- **EXERCISE REQUIREMENTS**
Your task is to find every line of the data that holds the string "wǎng" and copy it.

- **THE DATA**
*** Begin section ***

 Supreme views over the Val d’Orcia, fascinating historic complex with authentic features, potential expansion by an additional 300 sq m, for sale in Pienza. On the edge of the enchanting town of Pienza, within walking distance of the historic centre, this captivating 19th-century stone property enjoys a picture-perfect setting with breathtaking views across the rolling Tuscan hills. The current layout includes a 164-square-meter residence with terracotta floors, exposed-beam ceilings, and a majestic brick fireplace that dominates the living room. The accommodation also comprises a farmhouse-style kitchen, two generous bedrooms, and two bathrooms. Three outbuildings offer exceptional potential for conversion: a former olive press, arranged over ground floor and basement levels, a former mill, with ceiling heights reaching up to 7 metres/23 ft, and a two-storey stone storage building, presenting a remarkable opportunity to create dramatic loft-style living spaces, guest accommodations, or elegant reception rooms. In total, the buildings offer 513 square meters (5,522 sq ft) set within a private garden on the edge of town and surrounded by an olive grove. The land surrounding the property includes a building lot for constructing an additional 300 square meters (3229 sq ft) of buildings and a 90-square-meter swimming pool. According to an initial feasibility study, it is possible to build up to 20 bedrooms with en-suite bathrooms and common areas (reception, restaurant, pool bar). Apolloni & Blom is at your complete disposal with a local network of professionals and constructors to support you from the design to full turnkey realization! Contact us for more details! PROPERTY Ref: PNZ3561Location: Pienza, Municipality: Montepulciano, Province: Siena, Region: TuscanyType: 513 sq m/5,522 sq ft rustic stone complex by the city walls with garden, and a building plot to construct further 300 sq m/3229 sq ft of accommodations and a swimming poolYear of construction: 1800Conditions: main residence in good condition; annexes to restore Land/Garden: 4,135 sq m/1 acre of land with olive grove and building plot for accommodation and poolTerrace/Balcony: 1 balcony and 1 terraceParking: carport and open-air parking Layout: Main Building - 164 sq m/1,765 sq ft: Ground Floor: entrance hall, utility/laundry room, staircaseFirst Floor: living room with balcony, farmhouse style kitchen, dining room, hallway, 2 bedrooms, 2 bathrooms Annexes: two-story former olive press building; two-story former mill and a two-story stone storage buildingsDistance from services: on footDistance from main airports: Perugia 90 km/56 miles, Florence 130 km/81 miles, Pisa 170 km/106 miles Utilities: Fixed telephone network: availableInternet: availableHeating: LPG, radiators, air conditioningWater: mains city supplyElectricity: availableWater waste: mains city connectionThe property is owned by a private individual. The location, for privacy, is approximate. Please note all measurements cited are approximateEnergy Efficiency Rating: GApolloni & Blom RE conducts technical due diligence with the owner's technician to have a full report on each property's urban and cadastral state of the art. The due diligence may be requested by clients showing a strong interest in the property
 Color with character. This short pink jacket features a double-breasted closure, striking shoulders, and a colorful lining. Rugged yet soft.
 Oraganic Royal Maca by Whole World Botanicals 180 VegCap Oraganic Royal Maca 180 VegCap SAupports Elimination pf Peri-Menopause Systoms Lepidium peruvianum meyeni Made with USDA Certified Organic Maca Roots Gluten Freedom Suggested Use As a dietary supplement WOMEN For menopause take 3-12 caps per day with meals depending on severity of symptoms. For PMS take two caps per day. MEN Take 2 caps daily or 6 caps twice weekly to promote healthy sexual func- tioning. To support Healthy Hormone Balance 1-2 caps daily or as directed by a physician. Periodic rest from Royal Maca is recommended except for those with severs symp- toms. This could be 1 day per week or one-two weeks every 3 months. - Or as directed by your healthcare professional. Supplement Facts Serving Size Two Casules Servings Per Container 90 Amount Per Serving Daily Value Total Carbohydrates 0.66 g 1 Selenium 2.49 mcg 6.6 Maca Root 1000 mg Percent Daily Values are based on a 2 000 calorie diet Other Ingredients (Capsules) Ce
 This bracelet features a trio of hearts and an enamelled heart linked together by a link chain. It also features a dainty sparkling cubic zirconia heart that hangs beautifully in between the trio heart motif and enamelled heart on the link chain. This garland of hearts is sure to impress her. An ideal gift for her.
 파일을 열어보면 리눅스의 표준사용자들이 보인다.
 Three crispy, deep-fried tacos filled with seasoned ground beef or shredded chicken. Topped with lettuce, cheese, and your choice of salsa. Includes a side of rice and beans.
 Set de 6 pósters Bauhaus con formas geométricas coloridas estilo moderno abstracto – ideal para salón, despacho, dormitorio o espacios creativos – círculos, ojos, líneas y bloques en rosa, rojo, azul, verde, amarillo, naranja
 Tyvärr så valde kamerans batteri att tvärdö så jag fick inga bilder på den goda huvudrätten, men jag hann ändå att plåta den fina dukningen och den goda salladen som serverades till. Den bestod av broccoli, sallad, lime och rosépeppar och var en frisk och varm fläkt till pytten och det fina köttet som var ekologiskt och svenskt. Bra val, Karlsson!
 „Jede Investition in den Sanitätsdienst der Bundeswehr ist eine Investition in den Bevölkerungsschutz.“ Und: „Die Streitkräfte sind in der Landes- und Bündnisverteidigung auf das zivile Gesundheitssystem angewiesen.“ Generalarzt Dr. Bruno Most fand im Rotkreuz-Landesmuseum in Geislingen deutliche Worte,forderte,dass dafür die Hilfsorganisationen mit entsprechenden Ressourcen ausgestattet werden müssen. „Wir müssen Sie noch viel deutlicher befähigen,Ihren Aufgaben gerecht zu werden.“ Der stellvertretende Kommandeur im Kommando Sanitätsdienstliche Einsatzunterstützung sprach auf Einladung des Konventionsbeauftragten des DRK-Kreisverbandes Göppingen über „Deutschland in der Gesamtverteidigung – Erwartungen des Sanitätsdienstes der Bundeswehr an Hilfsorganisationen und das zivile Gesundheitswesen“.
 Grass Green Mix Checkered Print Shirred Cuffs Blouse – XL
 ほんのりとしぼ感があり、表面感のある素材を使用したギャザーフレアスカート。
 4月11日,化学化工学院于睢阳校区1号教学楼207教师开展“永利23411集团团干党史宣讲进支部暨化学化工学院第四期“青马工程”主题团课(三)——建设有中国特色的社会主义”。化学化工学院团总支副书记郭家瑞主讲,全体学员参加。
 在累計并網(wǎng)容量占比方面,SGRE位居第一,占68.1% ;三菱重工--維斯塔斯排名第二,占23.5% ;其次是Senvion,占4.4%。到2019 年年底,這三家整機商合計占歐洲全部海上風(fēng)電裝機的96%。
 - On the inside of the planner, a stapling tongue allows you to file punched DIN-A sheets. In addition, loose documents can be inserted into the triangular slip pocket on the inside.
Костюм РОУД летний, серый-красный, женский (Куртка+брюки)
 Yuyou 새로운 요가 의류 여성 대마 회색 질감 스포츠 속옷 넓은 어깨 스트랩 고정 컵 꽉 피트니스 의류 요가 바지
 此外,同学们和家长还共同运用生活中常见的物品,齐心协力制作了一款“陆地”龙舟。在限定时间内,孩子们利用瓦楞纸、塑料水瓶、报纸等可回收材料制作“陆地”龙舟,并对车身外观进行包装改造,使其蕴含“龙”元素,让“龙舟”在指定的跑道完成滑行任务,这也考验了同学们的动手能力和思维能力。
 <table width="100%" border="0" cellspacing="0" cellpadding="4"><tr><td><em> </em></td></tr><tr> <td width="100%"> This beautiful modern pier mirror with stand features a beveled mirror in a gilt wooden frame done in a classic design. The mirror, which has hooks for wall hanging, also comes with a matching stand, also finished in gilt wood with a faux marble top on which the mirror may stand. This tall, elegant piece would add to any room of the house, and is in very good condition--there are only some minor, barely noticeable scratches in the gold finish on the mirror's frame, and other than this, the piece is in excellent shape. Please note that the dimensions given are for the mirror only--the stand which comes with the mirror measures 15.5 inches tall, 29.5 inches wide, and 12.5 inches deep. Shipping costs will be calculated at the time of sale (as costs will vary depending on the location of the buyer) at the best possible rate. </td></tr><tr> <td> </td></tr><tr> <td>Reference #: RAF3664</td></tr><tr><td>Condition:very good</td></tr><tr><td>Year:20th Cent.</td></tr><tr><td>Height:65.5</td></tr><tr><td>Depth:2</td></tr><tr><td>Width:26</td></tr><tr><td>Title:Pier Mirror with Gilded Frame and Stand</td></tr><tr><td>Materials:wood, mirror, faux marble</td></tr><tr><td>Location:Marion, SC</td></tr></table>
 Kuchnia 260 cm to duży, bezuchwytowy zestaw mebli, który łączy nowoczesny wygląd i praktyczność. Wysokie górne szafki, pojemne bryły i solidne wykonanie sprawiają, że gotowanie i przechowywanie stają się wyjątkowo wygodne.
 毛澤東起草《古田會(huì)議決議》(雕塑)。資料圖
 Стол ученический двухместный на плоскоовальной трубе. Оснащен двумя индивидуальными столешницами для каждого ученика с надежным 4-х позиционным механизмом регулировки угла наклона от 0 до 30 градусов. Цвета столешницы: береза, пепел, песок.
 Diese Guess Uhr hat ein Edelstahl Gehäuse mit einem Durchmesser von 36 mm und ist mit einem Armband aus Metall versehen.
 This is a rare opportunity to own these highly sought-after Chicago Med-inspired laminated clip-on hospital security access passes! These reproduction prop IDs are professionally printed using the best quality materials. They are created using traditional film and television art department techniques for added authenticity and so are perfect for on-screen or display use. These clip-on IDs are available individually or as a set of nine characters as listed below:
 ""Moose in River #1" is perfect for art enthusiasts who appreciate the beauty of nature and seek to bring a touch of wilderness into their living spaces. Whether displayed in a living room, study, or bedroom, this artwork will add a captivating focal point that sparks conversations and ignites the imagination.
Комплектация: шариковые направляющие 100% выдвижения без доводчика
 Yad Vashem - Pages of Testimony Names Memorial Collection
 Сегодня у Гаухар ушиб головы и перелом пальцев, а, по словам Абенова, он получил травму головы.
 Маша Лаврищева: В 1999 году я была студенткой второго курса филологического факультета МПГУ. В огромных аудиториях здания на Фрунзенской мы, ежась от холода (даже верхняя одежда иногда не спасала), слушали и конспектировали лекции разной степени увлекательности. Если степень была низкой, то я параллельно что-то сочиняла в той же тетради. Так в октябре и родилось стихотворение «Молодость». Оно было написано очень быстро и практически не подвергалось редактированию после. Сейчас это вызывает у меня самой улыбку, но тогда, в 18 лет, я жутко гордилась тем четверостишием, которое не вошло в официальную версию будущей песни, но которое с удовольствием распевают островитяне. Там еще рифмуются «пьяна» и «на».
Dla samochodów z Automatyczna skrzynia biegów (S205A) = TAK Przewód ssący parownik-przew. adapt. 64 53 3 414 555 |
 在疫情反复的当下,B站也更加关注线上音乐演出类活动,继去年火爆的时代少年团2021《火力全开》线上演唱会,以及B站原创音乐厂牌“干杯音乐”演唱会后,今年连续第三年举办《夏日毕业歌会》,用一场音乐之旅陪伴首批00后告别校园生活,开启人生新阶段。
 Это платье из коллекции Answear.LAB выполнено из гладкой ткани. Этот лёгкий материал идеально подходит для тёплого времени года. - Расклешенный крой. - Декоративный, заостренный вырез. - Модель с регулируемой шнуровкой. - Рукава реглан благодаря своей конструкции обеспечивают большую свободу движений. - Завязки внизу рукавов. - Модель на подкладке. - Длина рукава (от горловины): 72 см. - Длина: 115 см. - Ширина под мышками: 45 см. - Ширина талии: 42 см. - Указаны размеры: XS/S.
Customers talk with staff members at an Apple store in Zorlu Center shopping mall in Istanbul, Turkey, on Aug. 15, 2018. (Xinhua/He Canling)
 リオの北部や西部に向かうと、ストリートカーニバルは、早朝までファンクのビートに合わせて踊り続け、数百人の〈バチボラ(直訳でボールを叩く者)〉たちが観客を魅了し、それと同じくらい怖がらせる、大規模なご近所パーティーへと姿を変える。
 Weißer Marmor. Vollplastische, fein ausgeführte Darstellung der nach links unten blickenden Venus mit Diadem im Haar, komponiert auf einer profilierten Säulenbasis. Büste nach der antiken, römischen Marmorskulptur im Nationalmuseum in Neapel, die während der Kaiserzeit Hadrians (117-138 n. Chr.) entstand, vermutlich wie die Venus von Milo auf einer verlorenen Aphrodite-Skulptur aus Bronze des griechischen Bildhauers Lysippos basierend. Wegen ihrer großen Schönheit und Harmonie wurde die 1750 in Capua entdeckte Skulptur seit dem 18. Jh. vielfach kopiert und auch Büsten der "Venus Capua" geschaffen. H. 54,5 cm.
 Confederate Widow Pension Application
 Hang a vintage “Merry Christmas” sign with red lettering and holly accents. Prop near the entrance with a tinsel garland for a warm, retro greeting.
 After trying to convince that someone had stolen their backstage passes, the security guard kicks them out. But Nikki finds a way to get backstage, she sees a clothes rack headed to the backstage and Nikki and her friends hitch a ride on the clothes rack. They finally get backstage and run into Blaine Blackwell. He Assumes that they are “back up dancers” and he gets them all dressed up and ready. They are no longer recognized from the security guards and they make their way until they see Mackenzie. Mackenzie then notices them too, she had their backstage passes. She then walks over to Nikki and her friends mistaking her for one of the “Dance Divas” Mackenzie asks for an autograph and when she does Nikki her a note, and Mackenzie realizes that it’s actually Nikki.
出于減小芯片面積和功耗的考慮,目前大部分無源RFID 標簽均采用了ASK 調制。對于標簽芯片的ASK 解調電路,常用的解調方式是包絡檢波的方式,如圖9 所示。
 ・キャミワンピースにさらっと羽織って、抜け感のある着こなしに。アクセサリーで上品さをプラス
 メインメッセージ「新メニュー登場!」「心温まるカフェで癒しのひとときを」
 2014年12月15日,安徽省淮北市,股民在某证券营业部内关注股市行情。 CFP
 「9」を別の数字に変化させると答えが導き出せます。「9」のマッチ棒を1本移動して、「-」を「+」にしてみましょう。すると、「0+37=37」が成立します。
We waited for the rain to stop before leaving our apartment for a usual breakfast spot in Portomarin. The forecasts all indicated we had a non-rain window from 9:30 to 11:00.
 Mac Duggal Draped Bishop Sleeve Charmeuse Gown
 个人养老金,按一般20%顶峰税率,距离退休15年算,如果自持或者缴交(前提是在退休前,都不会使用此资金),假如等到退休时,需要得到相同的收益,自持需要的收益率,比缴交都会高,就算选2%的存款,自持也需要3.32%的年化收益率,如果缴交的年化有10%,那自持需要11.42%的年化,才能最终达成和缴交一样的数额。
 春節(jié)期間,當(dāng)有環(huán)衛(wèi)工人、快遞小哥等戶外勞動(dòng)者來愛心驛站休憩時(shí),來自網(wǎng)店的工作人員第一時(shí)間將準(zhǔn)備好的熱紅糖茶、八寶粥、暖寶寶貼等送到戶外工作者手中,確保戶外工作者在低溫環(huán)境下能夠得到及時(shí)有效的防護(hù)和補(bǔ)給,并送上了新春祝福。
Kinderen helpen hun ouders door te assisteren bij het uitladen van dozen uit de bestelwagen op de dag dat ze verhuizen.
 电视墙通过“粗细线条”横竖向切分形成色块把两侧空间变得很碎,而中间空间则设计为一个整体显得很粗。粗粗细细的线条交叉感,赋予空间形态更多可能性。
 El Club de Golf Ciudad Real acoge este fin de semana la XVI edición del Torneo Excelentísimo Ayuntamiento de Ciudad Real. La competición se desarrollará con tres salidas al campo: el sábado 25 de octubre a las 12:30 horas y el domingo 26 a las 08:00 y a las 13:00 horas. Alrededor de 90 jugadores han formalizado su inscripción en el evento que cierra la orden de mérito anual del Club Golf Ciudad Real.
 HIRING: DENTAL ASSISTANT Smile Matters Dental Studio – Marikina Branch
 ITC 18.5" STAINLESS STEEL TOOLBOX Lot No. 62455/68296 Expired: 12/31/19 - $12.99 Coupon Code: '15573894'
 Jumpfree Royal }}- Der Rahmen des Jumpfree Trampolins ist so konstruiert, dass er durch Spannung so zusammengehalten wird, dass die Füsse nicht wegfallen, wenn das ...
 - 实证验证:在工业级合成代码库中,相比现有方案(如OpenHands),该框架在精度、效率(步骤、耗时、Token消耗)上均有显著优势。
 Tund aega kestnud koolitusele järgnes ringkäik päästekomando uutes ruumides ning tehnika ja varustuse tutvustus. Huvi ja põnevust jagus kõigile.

*** End section ***

- **OUTPUT OF THE TASK**
 在累計并網(wǎng)容量占比方面,SGRE位居第一,占68.1% ;三菱重工--維斯塔斯排名第二,占23.5% ;其次是Senvion,占4.4%。到2019 年年底,這三家整機商合計占歐洲全部海上風(fēng)電裝機的96%。
 春節(jié)期間,當(dāng)有環(huán)衛(wèi)工人、快遞小哥等戶外勞動(dòng)者來愛心驛站休憩時(shí),來自網(wǎng)店的工作人員第一時(shí)間將準(zhǔn)備好的熱紅糖茶、八寶粥、暖寶寶貼等送到戶外工作者手中,確保戶外工作者在低溫環(huán)境下能夠得到及時(shí)有效的防護(hù)和補(bǔ)給,并送上了新春祝福。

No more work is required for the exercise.